9.(C)DNA polymerase adds new nucleotides to the growing DNA strand, and ligase joins the discontinuous segments of DNA on the lagging strand together. Choice (A) is incorrect because helicase unwinds the DNA double helix and topoisomerase relieves the supercoiling created by this unwinding. Since topoisomerase relieves supercoiling, choice (B) is also incorrect. Choice (D) is incorrect because helicase is responsible for unwinding the DNA double helix, not adding new nucleotides.

10.(C)Plasmids are small, circular pieces of DNA outside of the nucleus that can be found in prokaryotes and eukaryotes. Okazaki fragments are the short segments of DNA created by discontinuous replication on the lagging strand of DNA, so choice (A) is incorrect. Choice (B) is incorrect because RNA primers are used to give DNA polymerase a place to start adding nucleotides to on the growing DNA strand. Linear chromosomes are found in eukaryotes, not prokaryotes, and they are in the nucleus (they are not extranuclear). Thus, choice (D) is also incorrect.

Short Free-Response

11.(a)A virus that uses reverse transcriptase would have RNA as its genetic material, so its genome would contain the nucleotides adenine, cytosine, guanine, and uracil. (Thymine is not found in RNA.)

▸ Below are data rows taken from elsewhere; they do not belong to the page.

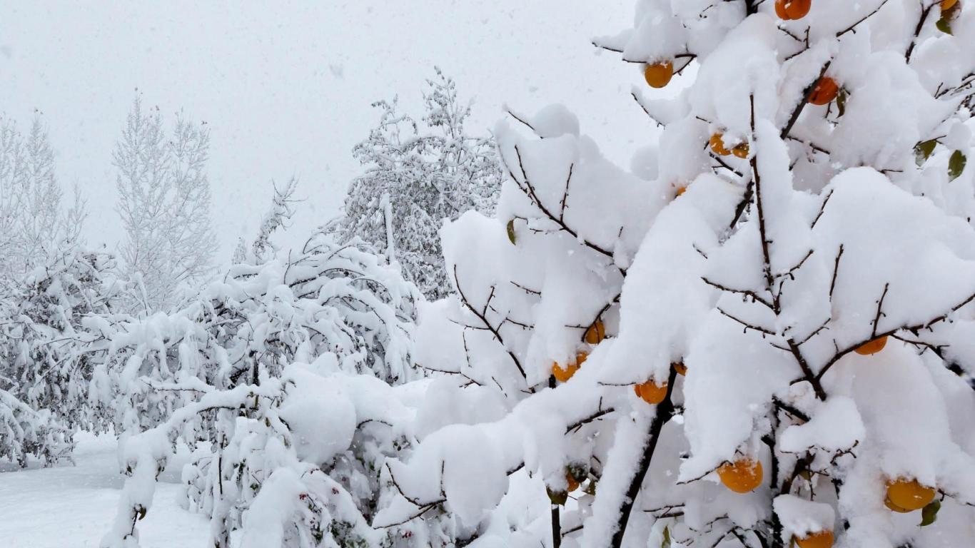 Wallpaper Snow-covered fruit tree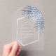 A trendy colour palette in shades from steel grey to windsor blue; sparkling geometric frames and elegant design layouts, provide the basis for this exciting wedding suite. Whether you're planning a destination wedding or staying close to home, this delicate palm leaf design set makes an eye-catching choice. The transparent, arch-shaped acrylic wedding 'Invitation' card shown here features a palm leaf border and gradient frame with a template to add all your event details. Search ID956 to see other pieces and colour choices for this set.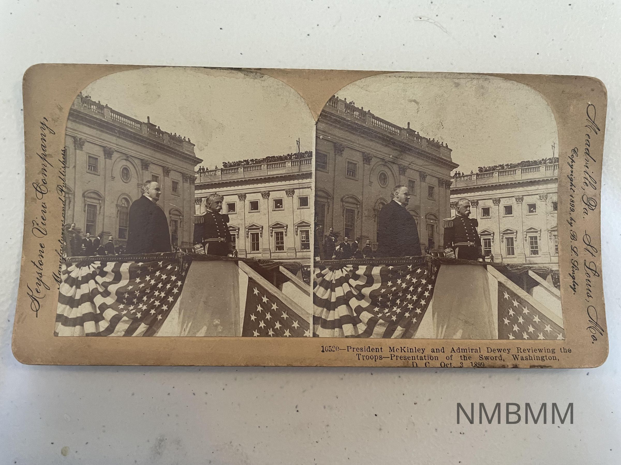 This item is a stereograph containing two images of President McKinley and Admiral George Dewey reviewing troops at the sword presentation of Admiral Dewey in Washington, D.C. Copyright in 1899 by B.L. SingleyCollection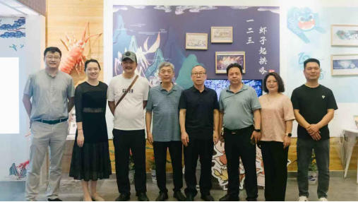 益阳九三学社常务副主委李序曲(左五)、益阳市著名书法家盛景华(左四)、《益阳故事》地方自媒体博主彭国兴(左三)等嘉宾与数字艺术学院院长燕晓山(右三)、副院长刘杨(左二)在展区一起合影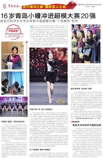 近日,第十七届中国超级模特大赛总决赛在北京举行,来自全国50余个省市自治区的分赛区、百余所院校机构、上千位报名者中选拔出的132位选手(其中女生81人,男生51人)集结于北京龙熙维景国际会议中心,争夺总决赛最后的40强席位。经过4天选拔排练和1整天的高强度比拼,在评委们激烈讨论和严格把控下,最终选拔晋级第十七届中国超级模特大赛总决赛女生20强和男生20强。青岛艺术学校2023级服装表演专业学生许宝文晋级女生前20强,并荣获"十佳模特"称号。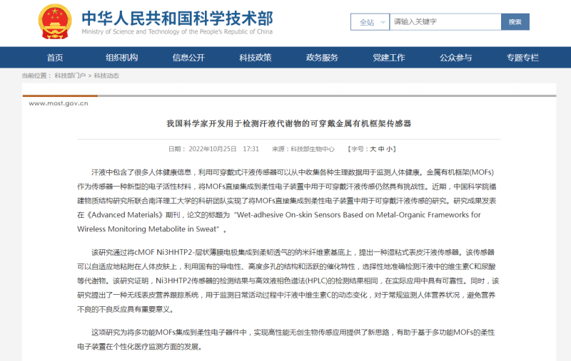 【中国科学院福建物质结构研究所:开发用于检测汗液代谢物的可穿戴金属有机框架传感器】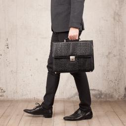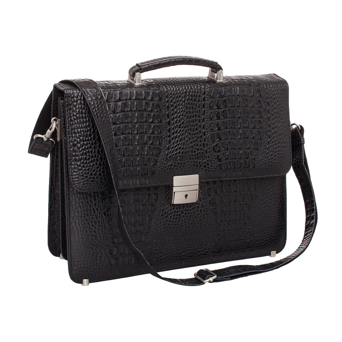 И ещё: портфель закрывается перекидным клапаном на замочек, носится в руке. Хорошо держит форму. Вмещает в себя документы в формате А4небольшой ноутбук до 13" дюймов. На дне портфеля имеются металлические ножки. Дополнительно прилагается длинный регулируемый кожаный ремень на карабинах на или через плечо. Фурнитура - белый металл.

(b)Eukaryotic cells contain DNA as their genetic material and do not need to use reverse transcriptase to make a DNA copy of their genetic material. Therefore, eukaryotic cells do not contain reverse transcriptase. A reverse transcriptase inhibitor would have few, if any, side effects on eukaryotic cells.

(c)Retroviruses would be expected to have a higher mutation rate than that of DNA viruses.

(d)One reason why a retrovirus would be expected to have a higher mutation rate than that of a DNA virus is because retroviruses use reverse transcriptase to copy their genome. Reverse transcriptase is less accurate and generates more mutations than DNA polymerase, which would lead to a higher mutation rate in retroviruses.

12.(a)The function of ligase in DNA replication is to join the fragments created during replication of the lagging strand in DNA.

(b)An appropriate control would be to conduct replication of the same DNA sequence without the presence of the ligase inhibitor.

(c)The lagging strand of DNA would be most affected by a ligase inhibitor.

(d)Replication of the lagging strand of DNA would produce multiple short fragments that would need to be joined by ligase. An inhibitor of ligase would prevent this from happening.

Long Free-Response

13.(a)DNA polymerase needs a 3′ hydroxyl group to which it can add new nucleotides, so a primer is necessary to allow DNA polymerase to add the first new nucleotide.

(b)

(c)Each cycle of PCR doubles the number of copies of the desired DNA sequence. In other words, this is an exponential growth relationship.

(d)Since the number of copies of the desired DNA sequence doubles with each cycle, a minimum of 10 cycles would be required to produce at least 1,000 copies. After 8 cycles, 256 copies would be present. After 9 cycles, 512 copies would be present, and after 10 cycles, 1,024 copies would be present.